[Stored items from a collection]
┏━━
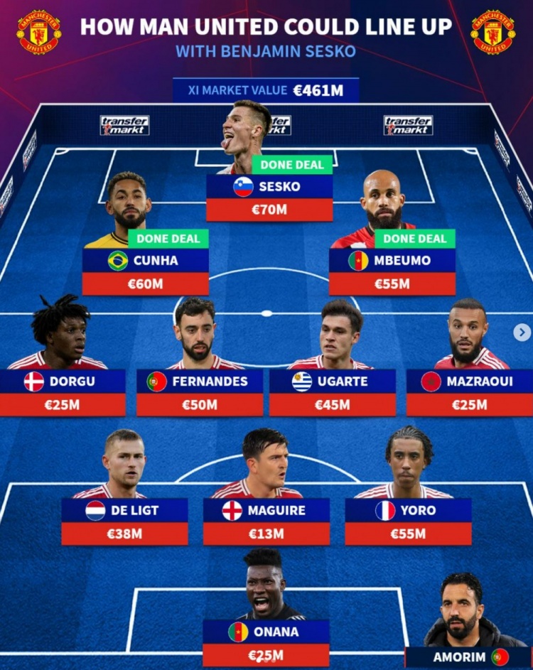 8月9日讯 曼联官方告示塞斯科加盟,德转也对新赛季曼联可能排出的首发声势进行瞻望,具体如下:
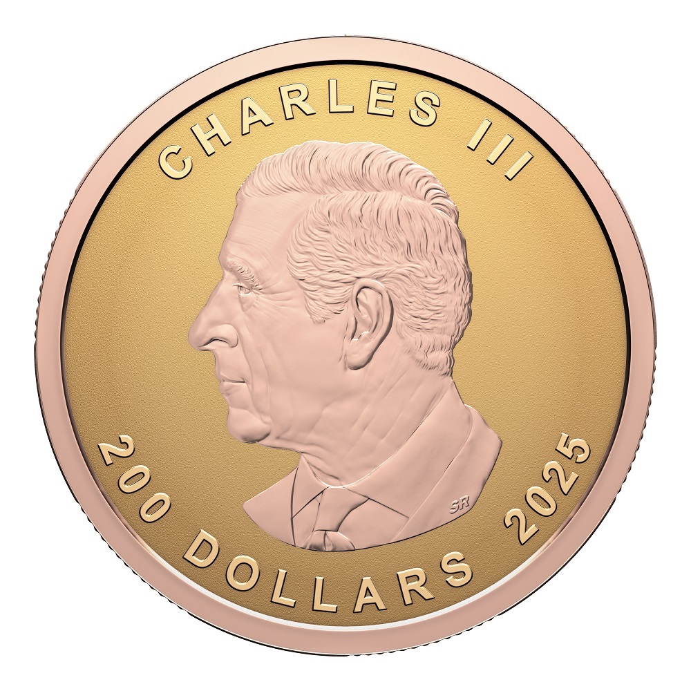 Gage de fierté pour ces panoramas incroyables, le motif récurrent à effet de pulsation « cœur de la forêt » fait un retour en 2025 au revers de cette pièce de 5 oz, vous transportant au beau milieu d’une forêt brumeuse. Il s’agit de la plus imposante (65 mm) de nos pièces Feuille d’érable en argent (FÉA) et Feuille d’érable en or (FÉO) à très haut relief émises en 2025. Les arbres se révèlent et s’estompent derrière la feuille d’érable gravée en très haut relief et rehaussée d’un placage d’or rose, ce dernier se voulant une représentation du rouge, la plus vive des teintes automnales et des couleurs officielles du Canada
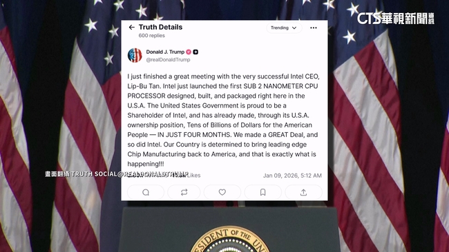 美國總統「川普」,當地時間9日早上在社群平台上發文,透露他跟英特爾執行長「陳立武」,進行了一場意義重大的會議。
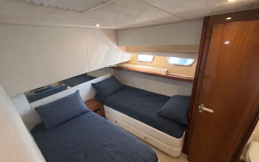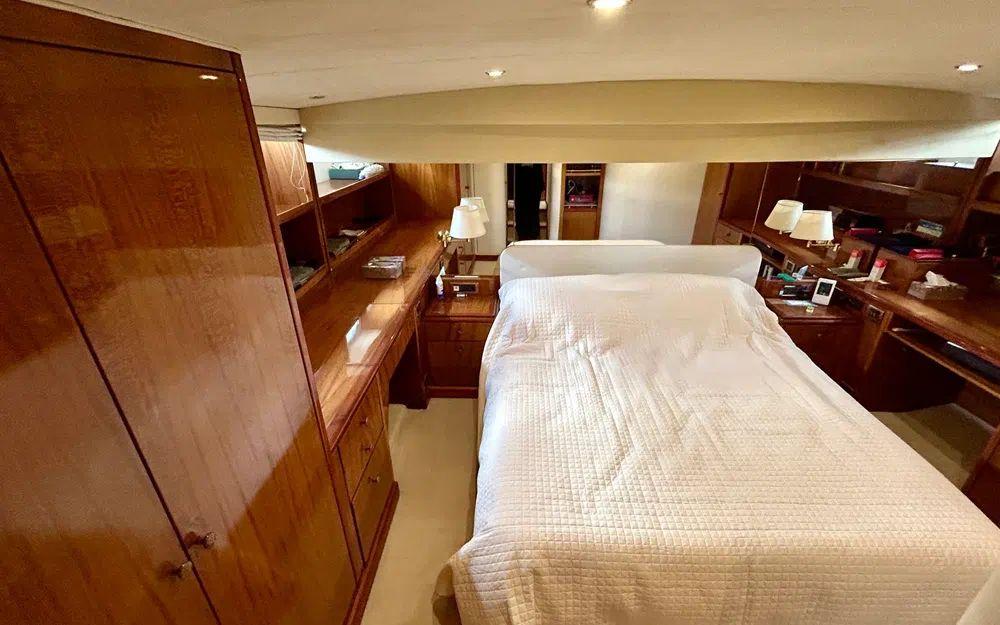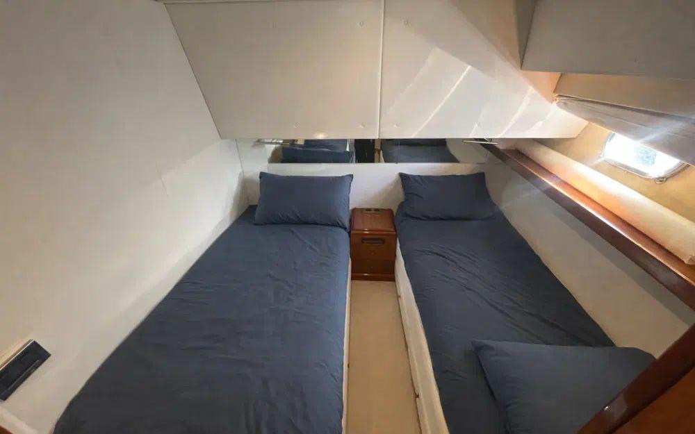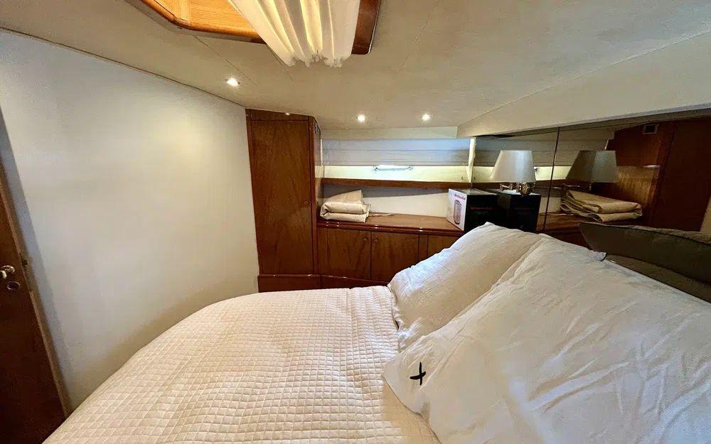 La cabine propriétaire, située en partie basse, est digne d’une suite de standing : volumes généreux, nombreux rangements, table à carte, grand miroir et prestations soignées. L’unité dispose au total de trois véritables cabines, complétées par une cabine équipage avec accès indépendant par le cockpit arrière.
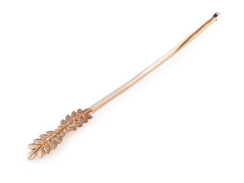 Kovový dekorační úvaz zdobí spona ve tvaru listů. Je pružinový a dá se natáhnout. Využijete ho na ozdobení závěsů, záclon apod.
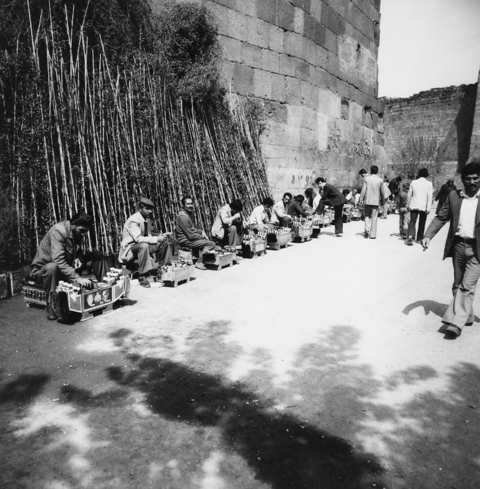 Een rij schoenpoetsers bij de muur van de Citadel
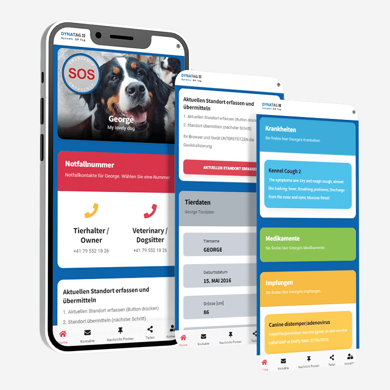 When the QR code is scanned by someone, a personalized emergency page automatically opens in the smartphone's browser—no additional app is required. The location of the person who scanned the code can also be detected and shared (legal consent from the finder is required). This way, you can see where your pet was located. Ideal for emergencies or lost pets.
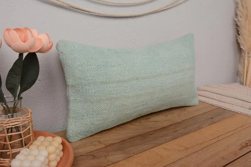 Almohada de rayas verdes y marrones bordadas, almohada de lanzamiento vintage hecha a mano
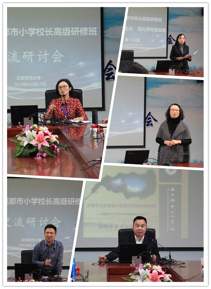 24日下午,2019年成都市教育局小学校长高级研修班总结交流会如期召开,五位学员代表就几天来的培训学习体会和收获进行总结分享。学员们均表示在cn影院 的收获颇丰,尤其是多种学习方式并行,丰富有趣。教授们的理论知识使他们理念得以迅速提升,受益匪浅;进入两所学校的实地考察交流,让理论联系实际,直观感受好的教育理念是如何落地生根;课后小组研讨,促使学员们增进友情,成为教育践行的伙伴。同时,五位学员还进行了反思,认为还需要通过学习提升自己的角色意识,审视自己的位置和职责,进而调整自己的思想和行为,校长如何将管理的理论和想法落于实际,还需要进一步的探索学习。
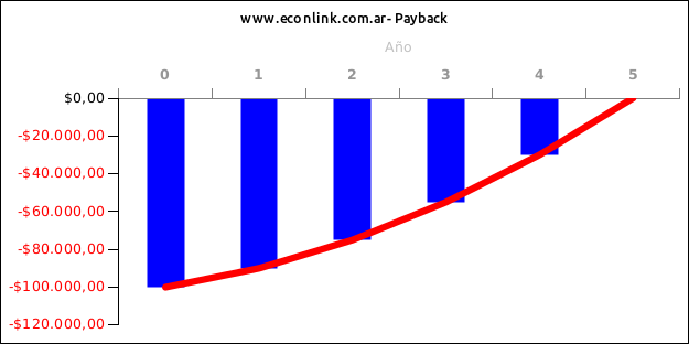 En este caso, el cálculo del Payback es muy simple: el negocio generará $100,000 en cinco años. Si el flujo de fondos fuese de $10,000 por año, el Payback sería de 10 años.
┗━━
### Task brief
Print exactly the lines between the line containing "美國總統「川普」,當地時間9" and the last line of the entries above, including both, and nothing besides; skip the pictures.

### Result
 美國總統「川普」,當地時間9日早上在社群平台上發文,透露他跟英特爾執行長「陳立武」,進行了一場意義重大的會議。
 La cabine propriétaire, située en partie basse, est digne d’une suite de standing : volumes généreux, nombreux rangements, table à carte, grand miroir et prestations soignées. L’unité dispose au total de trois véritables cabines, complétées par une cabine équipage avec accès indépendant par le cockpit arrière.
 Kovový dekorační úvaz zdobí spona ve tvaru listů. Je pružinový a dá se natáhnout. Využijete ho na ozdobení závěsů, záclon apod.
 Een rij schoenpoetsers bij de muur van de Citadel
 When the QR code is scanned by someone, a personalized emergency page automatically opens in the smartphone's browser—no additional app is required. The location of the person who scanned the code can also be detected and shared (legal consent from the finder is required). This way, you can see where your pet was located. Ideal for emergencies or lost pets.
 Almohada de rayas verdes y marrones bordadas, almohada de lanzamiento vintage hecha a mano
 24日下午,2019年成都市教育局小学校长高级研修班总结交流会如期召开,五位学员代表就几天来的培训学习体会和收获进行总结分享。学员们均表示在cn影院 的收获颇丰,尤其是多种学习方式并行,丰富有趣。教授们的理论知识使他们理念得以迅速提升,受益匪浅;进入两所学校的实地考察交流,让理论联系实际,直观感受好的教育理念是如何落地生根;课后小组研讨,促使学员们增进友情,成为教育践行的伙伴。同时,五位学员还进行了反思,认为还需要通过学习提升自己的角色意识,审视自己的位置和职责,进而调整自己的思想和行为,校长如何将管理的理论和想法落于实际,还需要进一步的探索学习。
 En este caso, el cálculo del Payback es muy simple: el negocio generará $100,000 en cinco años. Si el flujo de fondos fuese de $10,000 por año, el Payback sería de 10 años.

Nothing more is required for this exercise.